1.1 Once Upon a Time

224K 1.2K 491
                                    

CHAPTER ONE

ONCE UPON A TIME

I can't recall many stories from my life before Mara Lynn. From time to time, a certain phrase or smell sparks a moment of nostalgia, but whenever an element from my early childhood was later "touched" by the girl, thoughts of leather-brown eyes and lacy fringe overwhelmed the memory like too much red pepper on a slice of pizza. "Roselyn" is a unique enough name to create an island in The Sea of Mara, and the word still brings me back to the cool breeze of a Michigan May, the forest dunes behind my home, and Danny Bompensaro's mangled scar.

'94 was a good year to be twelve. Star Wars still had two more years as Box Office King, cartoons were still hand-drawn, and the Disney "D" still looked like a backwards "G." Words like "Columbine," "Al Qaeda" and "Y2K" were not synonymous with "terror," and 9-1-1 was an emergency number instead of a date. At twelve years old, summer still mattered. Monarch caterpillars still crawled beneath every milkweed leaf. Dandelions (or "wishes" as Mara called them) were flowers instead of pests. And divorce was still considered a tragedy.

Before Mara, carnivals didn't make me sick.

"Imagine a whole herd of monsters!" I said as branches thwaped my jacket and weeds caught themselves in the wheels of Whitney's chair, creating a rhythmic fip-fip-fip as we barreled through storybook shafts of afternoon light. "Imagine a hundred creepy creatures chasing The Girl through the trees! How cool would that be?"

The path ended abruptly in a patch of wild raspberry bushes so I released the wheelchair at the dead end and plundered the thickening brush. "I wanna get a shot like in Jurassic Park. Remember when the camera is in the back of the jeep and the T-Rex is chasing right behind?"

Whit scraped a fingernail of mud from his left wheel. "Mom's gonna kill me."

I raised my hands to my face, formed my pudgy fingers into a rectangle, and surveyed the forest through my makeshift viewfinder. "Maybe the bad guys should carry lanterns or torches or somethin'. Dad says I can't have too many lights out here without blowin' a fuse." I glanced to the tower poking above the foliage and estimated the amount of extension cords we'd need to reach from the house to the woods.

"It's about fifty yards, dick weed," Whit said.

"How the H.E. double-hockey-sticks do you know that?"

"Maybe you'd learn some geometry tricks if you'd quit tryin' to look down Ms. Conto's blouse."

I shuddered. "How'd you get fifty?"

"Just picture a football field and cut it in half."

"What do you know about football?"

Whit gripped his chair and balanced the contraption on its back wheels. "Dad gets free Lions tickets from work."

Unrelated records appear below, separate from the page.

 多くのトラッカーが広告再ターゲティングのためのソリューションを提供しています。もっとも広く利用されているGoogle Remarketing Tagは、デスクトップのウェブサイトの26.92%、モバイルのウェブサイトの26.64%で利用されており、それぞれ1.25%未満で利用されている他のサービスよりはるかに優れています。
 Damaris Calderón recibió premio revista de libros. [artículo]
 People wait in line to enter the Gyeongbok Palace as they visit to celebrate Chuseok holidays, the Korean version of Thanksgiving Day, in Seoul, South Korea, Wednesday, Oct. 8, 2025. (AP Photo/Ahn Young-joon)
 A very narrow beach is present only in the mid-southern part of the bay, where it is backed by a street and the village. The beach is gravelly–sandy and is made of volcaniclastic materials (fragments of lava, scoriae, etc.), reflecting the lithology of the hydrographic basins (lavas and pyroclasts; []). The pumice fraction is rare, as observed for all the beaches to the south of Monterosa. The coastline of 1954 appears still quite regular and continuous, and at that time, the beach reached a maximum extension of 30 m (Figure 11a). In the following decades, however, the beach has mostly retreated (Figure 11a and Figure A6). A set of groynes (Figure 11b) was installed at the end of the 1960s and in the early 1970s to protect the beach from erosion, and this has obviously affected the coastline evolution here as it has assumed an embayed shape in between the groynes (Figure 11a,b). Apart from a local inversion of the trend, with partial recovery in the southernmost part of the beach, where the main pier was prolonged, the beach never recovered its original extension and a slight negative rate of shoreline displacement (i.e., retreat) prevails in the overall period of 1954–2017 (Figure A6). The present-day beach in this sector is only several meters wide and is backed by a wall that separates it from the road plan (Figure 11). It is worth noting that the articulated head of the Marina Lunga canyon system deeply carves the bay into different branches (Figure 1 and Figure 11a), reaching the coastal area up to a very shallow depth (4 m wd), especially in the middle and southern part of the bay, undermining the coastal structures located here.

"How many cords you think we need?"

"Depends on the length of the cords. Maybe ten." Whit reached in his pocket and pulled out two candy bars. "Butterfinger?"

I slapped a mosquito from my neck and looked from the tower to my best friend. He was swimming in thick folds of a Bugle Boy sweatshirt, his bluejeans were creased as if they were slacks, and black wisps of hair curled from a hat that read, "Grand Harbor: a quaint drinking town with a fishing problem." A notebook sat open on his lap and doubled as a tray for his Snickers bar. His red backpack was cradled in a mesh hammock beneath his seat, bulging with more candy to sell at recess and wads of cash from successful playground transactions. Whit was quite the entrepreneur; that's why I asked him to produce my movies when we moved to Hollywood.